We evaluated the average Dice scores under two configurations: retaining the Out-Fusion block while using CNN alone, Transformer alone(Tra), or their combined architecture (CNN-Tra) in the In-Fusion block; and employing only the In-Fusion block without Out-Fusion block with the same architectural variations. As shown in Table 3, our method achieves competitive performance, validating that the integration of Transformer and CNN architectures effectively enables local-global feature complementarity. We investigate the effectiveness of the In-Fusion block in intra-modal fusion (IF), the SAOut-Fusion block in inter-modal fusion (SAF), and the DDOut-Fusion block in inter-modal fusion (DDF) as three critical components of our method. We evaluate In-Out Fusion without SAF and DDF. Specifically, In-Out Fusion without SAF and DDF indicates that feature representations are directly fed into the IF module, meaning that we directly add the calculated feature representations up to get the fusion result. Our findings reveal that InOut Fusion without SAF and DDF performs worse than the other methods. Similarly, configurations lacking either IF and DDF or IF and SAF also yield suboptimal results. We compare the performance of our method using IF alone, SAF alone, or DDF alone, as shown in Table4, which presents the average performance over the 15 possible combinations on the BraTS2020¹³ dataset. The results demonstrate that the IF block, SAF block, and DDF block contribute to performance improvements across all tumor regions. This underscores the importance of IF, SAF, and DDF in the overall effectiveness of InOut-Fusion.

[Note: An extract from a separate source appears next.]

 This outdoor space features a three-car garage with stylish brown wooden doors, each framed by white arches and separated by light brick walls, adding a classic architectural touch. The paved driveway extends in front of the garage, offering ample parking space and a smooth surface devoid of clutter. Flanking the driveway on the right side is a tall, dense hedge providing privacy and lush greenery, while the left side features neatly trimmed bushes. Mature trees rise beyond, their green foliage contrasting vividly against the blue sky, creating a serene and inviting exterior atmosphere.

Table 3 The result of correlated ablation experiments while using CNN alone, Transformer alone(Tra) alone, or their combination (CNN-Tra), under two cases with Out-Fusion block and without Out-Fusion block on the BraTS2020¹³ data.

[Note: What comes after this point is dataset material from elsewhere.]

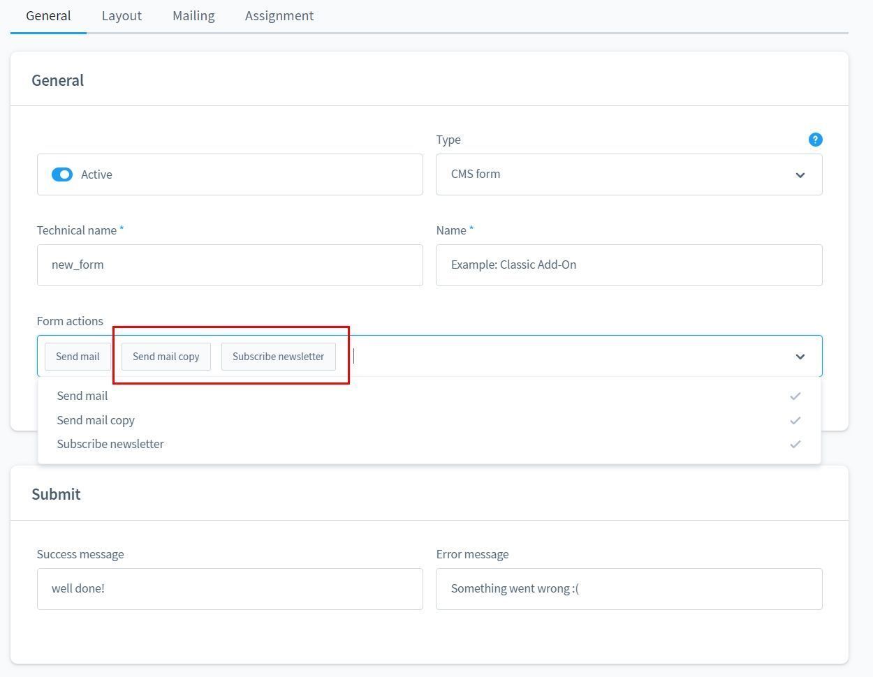 Formular Aktionen

Table 4 The result of correlated ablation experiments while using IF block alone, SAF block alone, or DDF block alone on the BraTS2020¹³ datase.

Discussion and conclusion

In this paper, we propose Hierarchical In-Out Fusion for incomplete multimodal brain tumor segmentation. Compared to existing multimodal fusion networks, our approach achieves more effective results without adding extra encoders that would increase computational cost. Hierarchical fusion, which employs different fusion strategies at different layers, enhances the representation of latent correlation features, resulting in significantly improved scores for ET and TC. Due to dual-domain fusion, leading to clearer tumor boundary segmentation in 3D image comparisons. As a result, the average Dice score is improved compared to similar fusion networks. We demonstrate that our approach can be seamlessly integrated into existing backbone networks by replacing their fusion operations or blocks, performing individual segmentation for each image modality and learning latent correlation representation through a shared encoder can improve segmentation performance, but it increases the network’s computational overhead, to designing a lightweight network is an important problem to address in the future.